Like most haggard and tired former commies, I have little time for the honours system; it’s an infantile, reflexive thing on my part, I suppose. Certainly I will be the first to show up with my bucket of ordure when some tenth-rate, brain-dead pop star or footballer or soap actor has a medal pinned on him out of the government’s desire to kowtow to public sensibilities. But if we are to have the honours, I find it difficult to think of anyone more deserving of a knighthood than Sir Salman Rushdie. While the rest of us were still worrying about the Cold War, Rushdie was warning us about the war yet to come. He addressed the Islamic revolution with sophistication, philosophical elegance and great literary inventiveness. And he did so with enormous courage and candour. He is perhaps Britain’s only writer who has successfully examined the soul of Islam and, in so doing, examined the soul of the West too. Despite the misery of his peripatetic incarceration he has produced at least five first-class novels or collections of stories (which is four more than Will Self has managed — and I’m being kind). He has witnessed the most wretched of little political weasels, the likes of Keith Vaz, marching through the streets at the head of a throng of howling Muslim maniacs, demanding his book be burned.

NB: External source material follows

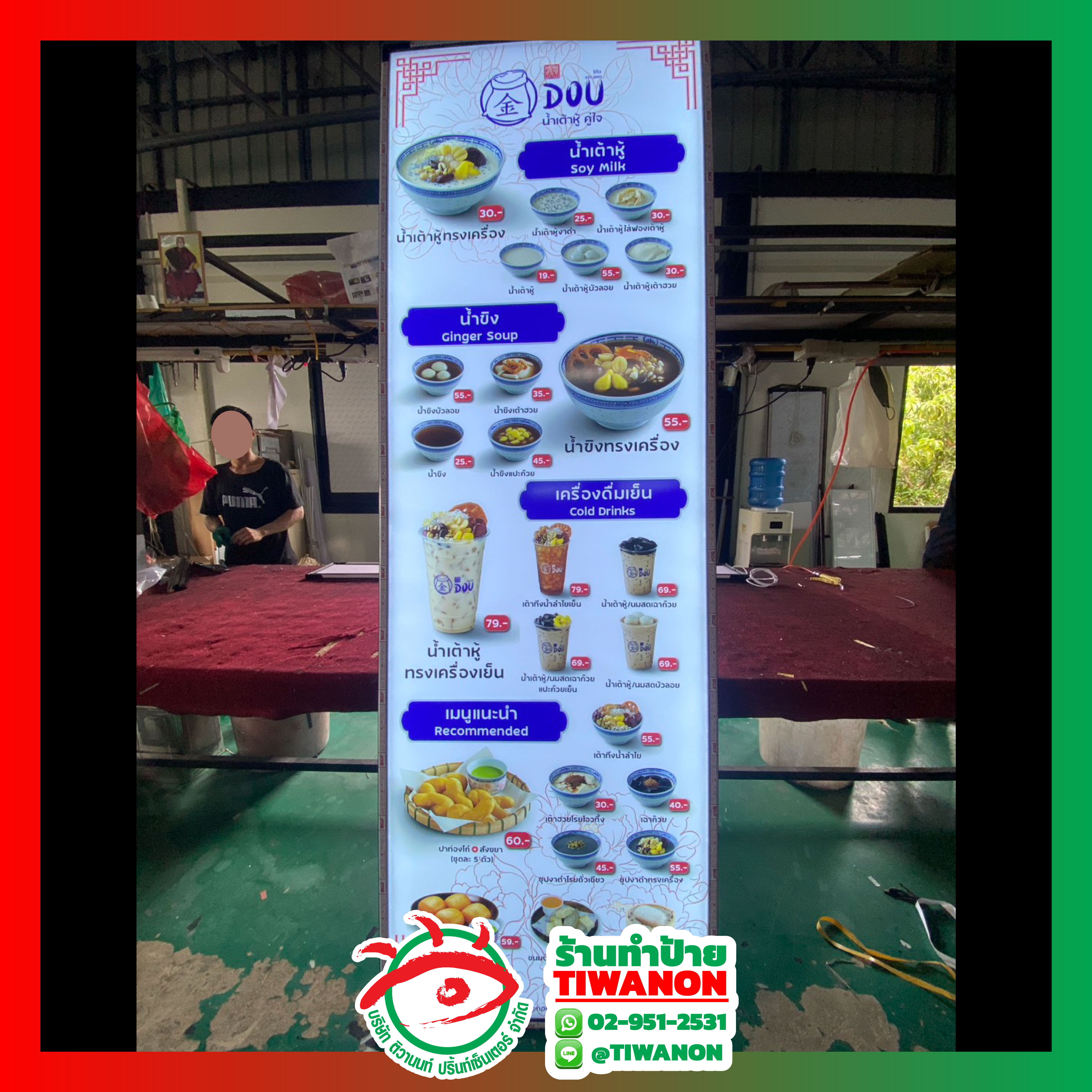 การใช้กรอบป้ายไฟอลูมิเนียมแบบสูงตั้งพื้น ช่วยให้เมนูของร้านโดดเด่นในพื้นที่ที่มีร้านเยอะ ๆ ลูกค้าเดินผ่านก็เห็นไฟป้ายก่อน เห็นภาพน้ำเต้าหู้ทรงเครื่องร้อน ๆ และแก้วน้ำเต้าหู้เย็นเต็มเครื่องแล้วอยากหยุดดูและสั่งทันที
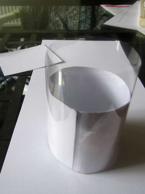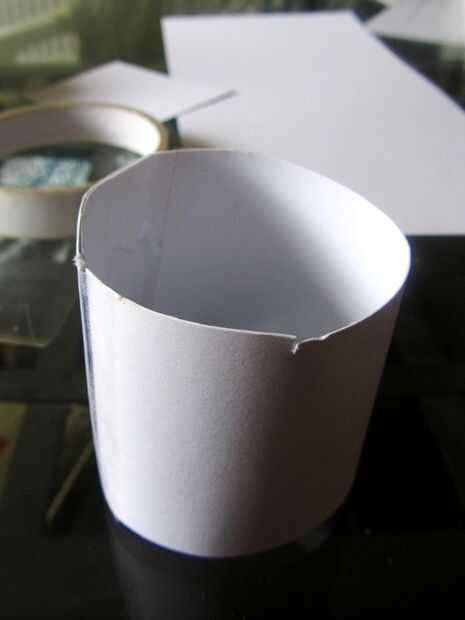 Empezar haciendo la pieza central, la Copa. Hacer a la taza, primero el molde. Corte una tira de cartón, rodar en un tubo corto, posición en cuclillas y asegúrelo con un par de trozos de cinta. Sentado en el platillo para probar el tamaño. Utilicé un platillo 12 cm de diámetro, y pedazo de tarjeta de 18 x 5 cm, con sobre un centímetro de longitud extra se superponen para un arreglo.

He will have known that the award of a knighthood would cause trouble, that it is not the sort of thing which will play very well in the dusty madrassas of the Islamic world and that, in all probability, his life will be made a still greater misery as a result. But he is probably also aware that being so rewarded is a clear, public statement that is every bit as important as the publication of his excellent, if somewhat contentious, novel The Satanic Verses. An award for which, for once, I’d be proud to associate myself. I can’t remember saying that about an honours list before. It is often said that Rushdie regards himself rather highly; well, no higher than you deserve, Sir Salman.